## Exercise instructions
Pictures aside, output each record exactly.

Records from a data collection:
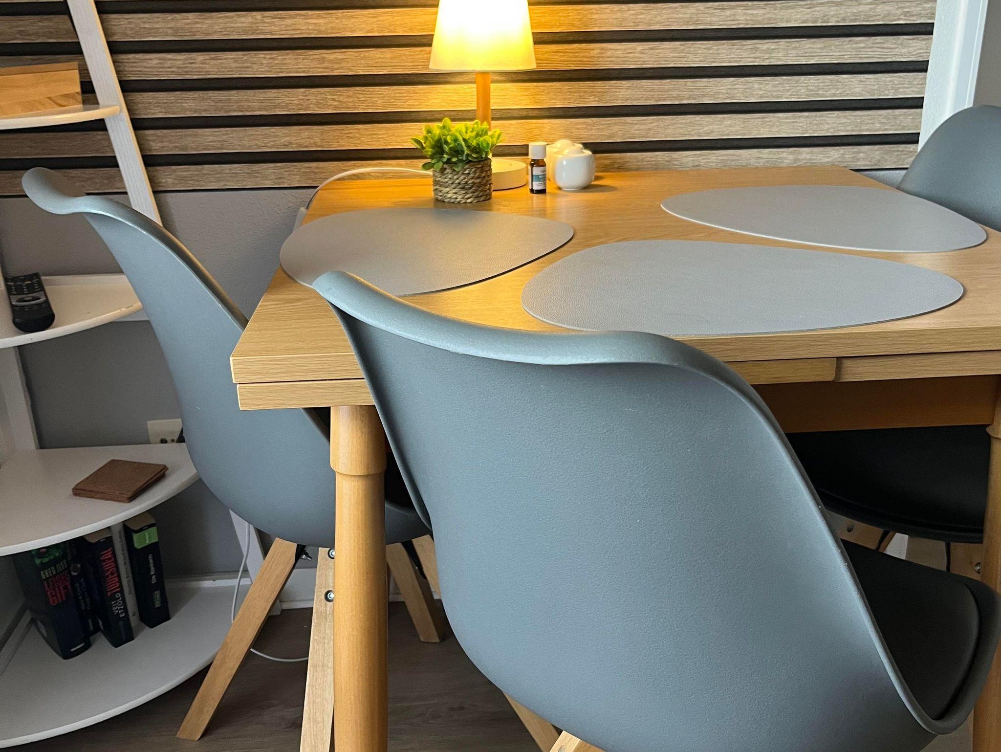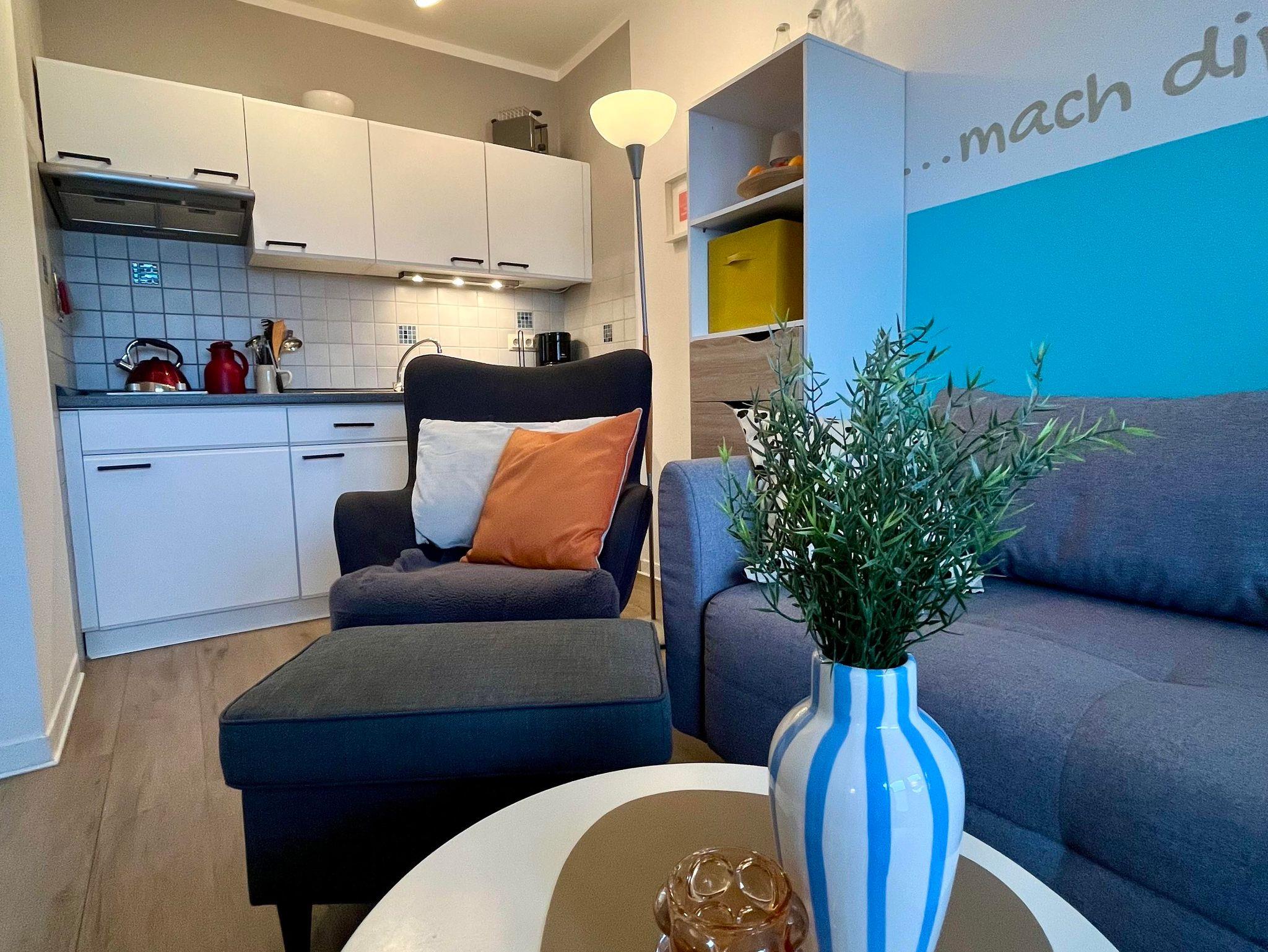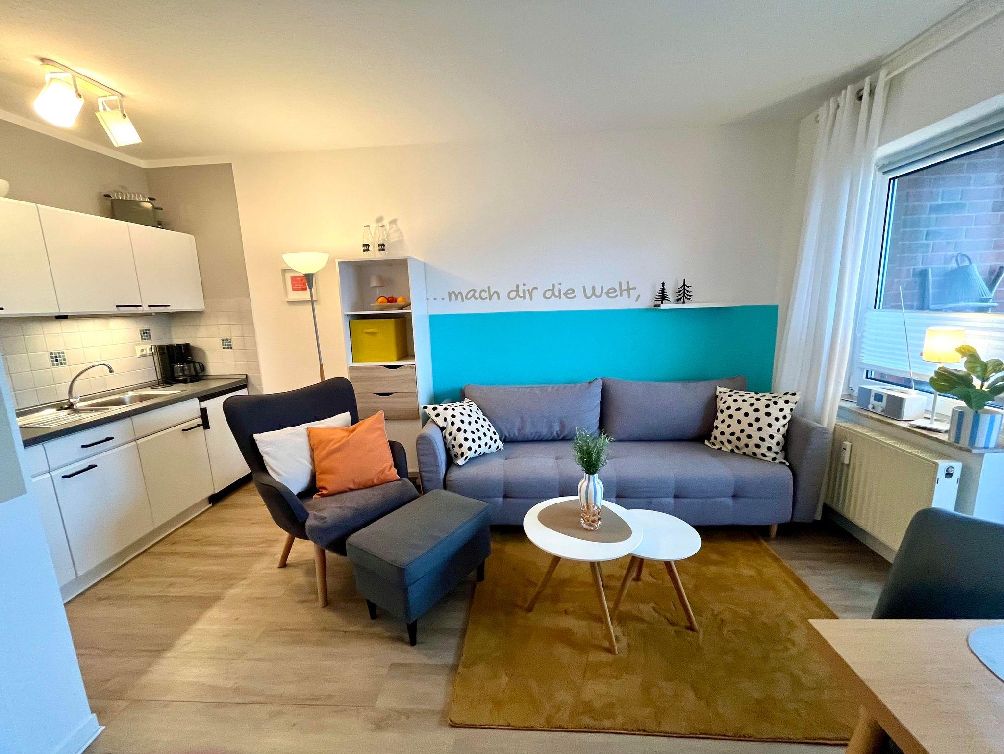 Unsere frisch renovierte Ferienwohnung, im luftigen, skandinavischen Stil, liegt im Appartementhaus Wangerooge (2. Etage). Der Strand, sowie der Ortskern mit Einkaufsmöglichkeiten und diversen Gastronomiebetrieben, sind fußläufig erreichbar. Genießen Sie nach einem erlebnisreichen Urlaubstag die Abendsonne auf dem großen, überdachten Balkon, welcher zum Nordwesten ausgerichtet ist. Von hier aus haben Sie einen Blick in Richtung Deich und können die Spitze von Langeoog sehen. Ein Parkplatz befindet sich direkt vor der Tür. 2 Fahrräder und ein Bollerwagen runden das Angebot unseres Feriendomizils ab.
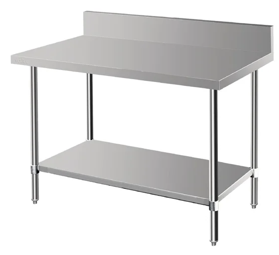 Create a more hardwearing and hygienic prep area with this 1500mm wide Vogue premium stainless steel kitchen table. Crafted from high quality 304 stainless steel and boasting galvanised steel legs, the 1.2mm thick worktop is immensely strong and sturdy, allowing it to endure the rigours of constant use in any busy commercial kitchen. The stainless steel construction also makes this worktop exceptionally easy to clean, helping you keep it sanitary and ready for immediate use at all times. A convenient 100mm splashback also prevents water, food and utensils from falling behind the unit, keeping your floors and walls clean and tidy for a more hygienic kitchen. Completed with a handy undershelf, the table also gives you incredibly practical storage space for your equipment, helping you make the most of the room in your kitchen.
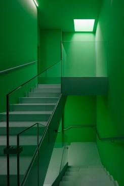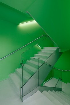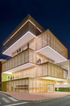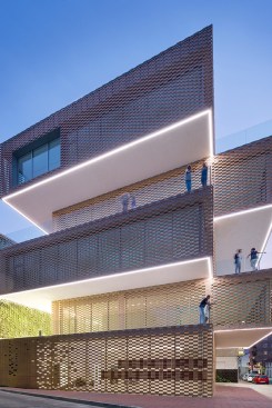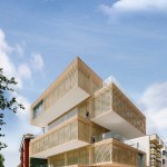 The five floors of the center are set on five displaced boxes, one above the other. The floors are staggered in the areas where boxes are flying to create the effect of a box “on the other.” The post-tensioned structure of the building permits, through active reinforcements, large spans and reduces the slab edge profile. This structural system not only uses less material and creates a lighter structure, it also increases the bearing capacity of the concrete and it prolongs its life span by reducing deformation and decreasing cracks.
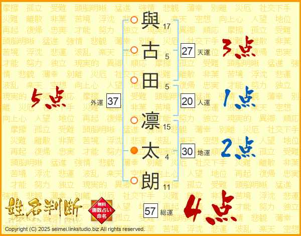 與(17画)古(5画)田(5画) 凛(15画)太(4画)朗(11画)
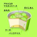 アロエ入りマスカットソース・おもち・白こしあん・バニラアイス・バターが香るケーキ生地の5層構造により、専門店のパフェのような贅沢感を実現。カップ側面の透明窓からは層の華やかさも楽しめ、見た目にも満足感のある一品です。
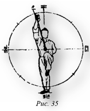| Круг щита Замыкает все круг «щита» или круг тела, который дает возможность уверенно управлять любым перемещением энергии в пространстве тела, которое определяется как сфера, центром которой является точка в районе солнечного сплетения, а радиус соответствует расстоянию, на которое данный человек может дотянуться кончиком пальца (рис. 35).
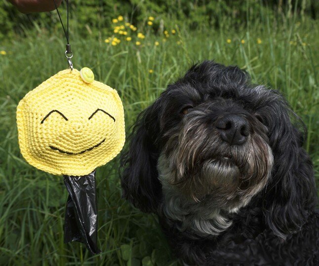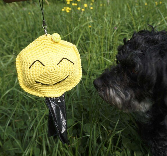 Here we offer you crochet pattern for the Dog Bag Dispenser "Smiley"!

## Solution to this task
 Unsere frisch renovierte Ferienwohnung, im luftigen, skandinavischen Stil, liegt im Appartementhaus Wangerooge (2. Etage). Der Strand, sowie der Ortskern mit Einkaufsmöglichkeiten und diversen Gastronomiebetrieben, sind fußläufig erreichbar. Genießen Sie nach einem erlebnisreichen Urlaubstag die Abendsonne auf dem großen, überdachten Balkon, welcher zum Nordwesten ausgerichtet ist. Von hier aus haben Sie einen Blick in Richtung Deich und können die Spitze von Langeoog sehen. Ein Parkplatz befindet sich direkt vor der Tür. 2 Fahrräder und ein Bollerwagen runden das Angebot unseres Feriendomizils ab.
 Create a more hardwearing and hygienic prep area with this 1500mm wide Vogue premium stainless steel kitchen table. Crafted from high quality 304 stainless steel and boasting galvanised steel legs, the 1.2mm thick worktop is immensely strong and sturdy, allowing it to endure the rigours of constant use in any busy commercial kitchen. The stainless steel construction also makes this worktop exceptionally easy to clean, helping you keep it sanitary and ready for immediate use at all times. A convenient 100mm splashback also prevents water, food and utensils from falling behind the unit, keeping your floors and walls clean and tidy for a more hygienic kitchen. Completed with a handy undershelf, the table also gives you incredibly practical storage space for your equipment, helping you make the most of the room in your kitchen.
 The five floors of the center are set on five displaced boxes, one above the other. The floors are staggered in the areas where boxes are flying to create the effect of a box “on the other.” The post-tensioned structure of the building permits, through active reinforcements, large spans and reduces the slab edge profile. This structural system not only uses less material and creates a lighter structure, it also increases the bearing capacity of the concrete and it prolongs its life span by reducing deformation and decreasing cracks.
 與(17画)古(5画)田(5画) 凛(15画)太(4画)朗(11画)
 アロエ入りマスカットソース・おもち・白こしあん・バニラアイス・バターが香るケーキ生地の5層構造により、専門店のパフェのような贅沢感を実現。カップ側面の透明窓からは層の華やかさも楽しめ、見た目にも満足感のある一品です。
| Круг щита Замыкает все круг «щита» или круг тела, который дает возможность уверенно управлять любым перемещением энергии в пространстве тела, которое определяется как сфера, центром которой является точка в районе солнечного сплетения, а радиус соответствует расстоянию, на которое данный человек может дотянуться кончиком пальца (рис. 35).
 Here we offer you crochet pattern for the Dog Bag Dispenser "Smiley"!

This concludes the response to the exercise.